■ **TASK REQUIREMENTS**
Omit all pictures. Quote only the lines from the one with "TM Textile & Garments Ltd." through the end of the material below.
══ MATERIAL FOR THE TASK
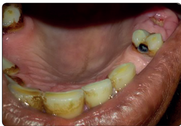
Fig. (1): Preoperative photograph for a case of major autohemotherapy.

The current study was conducted on forty patients from the outpatient department of Oral and Maxillofacial Surgery department suffering dry socket. This study complied with the Declaration of Helsinki (revised in 1975), and the regional ethical review board. All patients provided informed consent. Inclusion criteria included simple extraction (forceps extraction) cases only, age range from 18 to 65 years, and to be otherwise healthy patients. Exclusion criteria included the existence of infected socket, any systemic or local disease affects healing, any bleeding disorder, perimenstrual extractions performed, pregnancy, lactation, the use of oral contraceptives, any hormonal disturbances or smoking. Patients were randomly divided into two equal groups; group I who undergone AHT procedures and group II who received oleozon. In group I patients, the socket was briefly irrigated with 2ml normal saline (0.9% solution) to remove any debris. Figure 1 shows a patient preoperatively. Major autohemotherapy was carried out by withdrawing 225mL of patient's antecubital vein blood into a sterile glass bottle containing 25mL
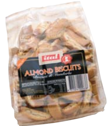
Ital Almond Biscotti 400gm
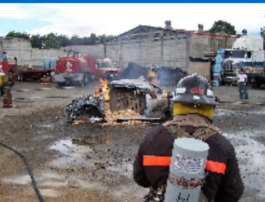
Practicing vehicle fires.
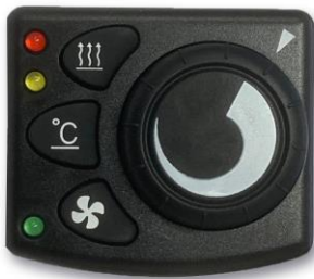
2A) Rotary Control Connections
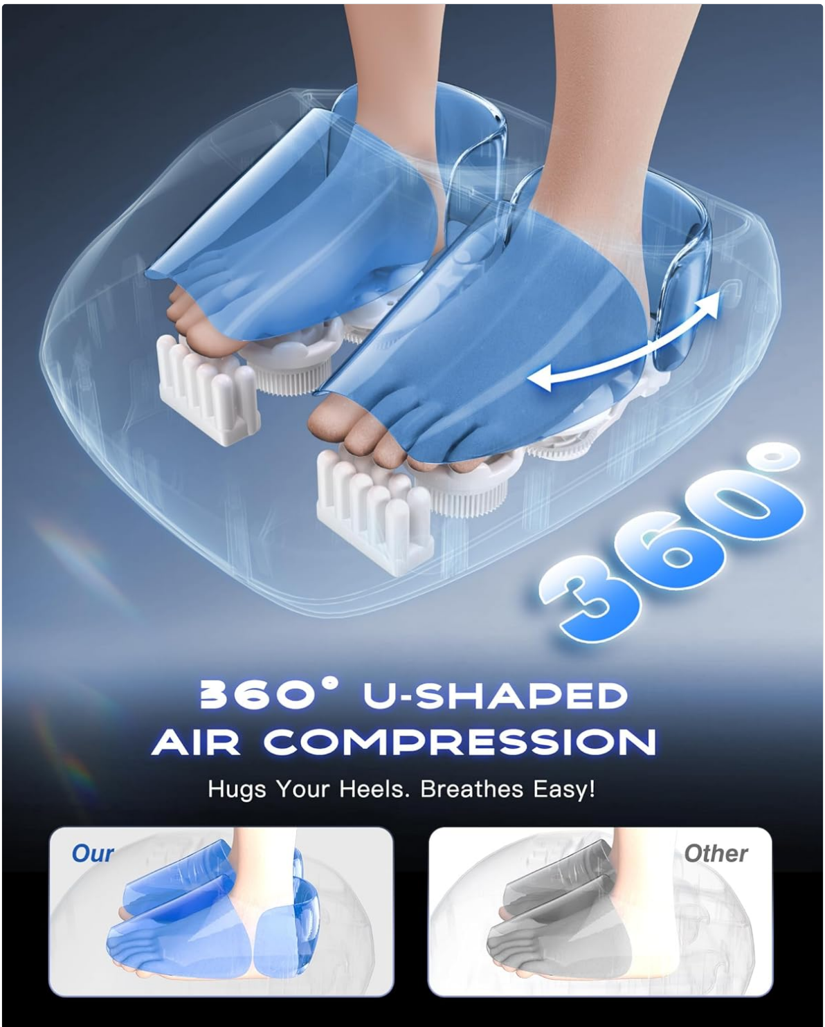
Image: A diagram showing the 360-degree U-shaped air compression system of the foot massager, highlighting how it hugs the heels and provides compression.
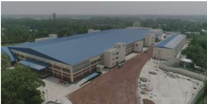
TM Textile & Garments Ltd.
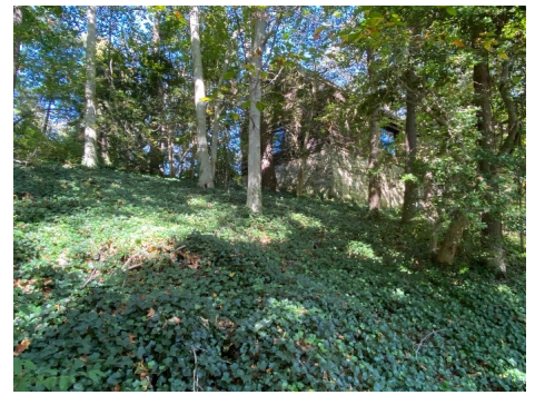
View of hillside behind the Adirondack building smothered in English ivy

Click here to learn more about this exciting volunteer opportunity.
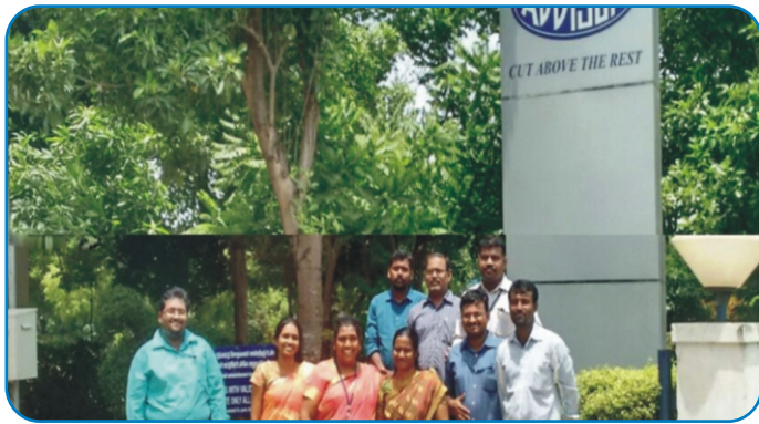
Industrial Visit to Addison & Co Ltd

The Dept. of Management Studies in association with the Confederation of Indian Industries, Chennai conducted Webinar on Career Guidance for the final year Mechanical Engineering students on 19 th July 2016.
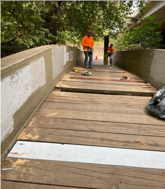
Figure 3-Footbridge Repairs
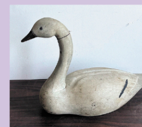
Wonderful white swan decoy, 20".
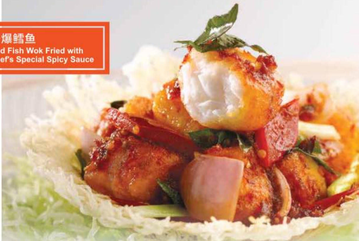
🍴 503. 酱爆鳕鱼 Cod Fish Wok Fried with Chef's Special Spicy Sauce

色泽金黄的鳕鱼块辅以辛辣的东南亚特色酱料，外层香辣酥脆，内里细腻鲜美！ This delicious creation of golden cod fish ingots is glazed with a piquant sauce made from a blend of exotic Southeast Asian spices, crusty on the outside, whilst moist and tender within.
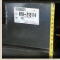
12" I-beam Construction
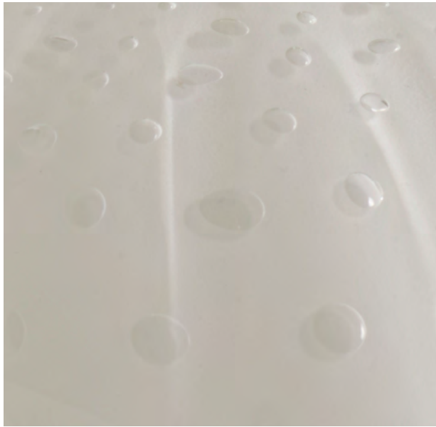
HAND BLOWN BULLICANTE GLASS

EVERY GLASS PIECE IS METICULOUSLY HANDMADE, UTILIZING TIME-HONORED METHODS. DUE TO THIS ARTISANAL APPROACH, MINOR DISTINCTIONS CAN BE ANTICIPATED, ADDING TO THE UNIQUENESS OF EACH PIECE, ENSURING IT IS TRULY ONE OF A KIND
════
■ **RESPONSE TO THE EXERCISE**
TM Textile & Garments Ltd.
View of hillside behind the Adirondack building smothered in English ivy

Click here to learn more about this exciting volunteer opportunity.
Industrial Visit to Addison & Co Ltd

The Dept. of Management Studies in association with the Confederation of Indian Industries, Chennai conducted Webinar on Career Guidance for the final year Mechanical Engineering students on 19 th July 2016.
Figure 3-Footbridge Repairs
Wonderful white swan decoy, 20".
🍴 503. 酱爆鳕鱼 Cod Fish Wok Fried with Chef's Special Spicy Sauce

色泽金黄的鳕鱼块辅以辛辣的东南亚特色酱料，外层香辣酥脆，内里细腻鲜美！ This delicious creation of golden cod fish ingots is glazed with a piquant sauce made from a blend of exotic Southeast Asian spices, crusty on the outside, whilst moist and tender within.
12" I-beam Construction
HAND BLOWN BULLICANTE GLASS

EVERY GLASS PIECE IS METICULOUSLY HANDMADE, UTILIZING TIME-HONORED METHODS. DUE TO THIS ARTISANAL APPROACH, MINOR DISTINCTIONS CAN BE ANTICIPATED, ADDING TO THE UNIQUENESS OF EACH PIECE, ENSURING IT IS TRULY ONE OF A KIND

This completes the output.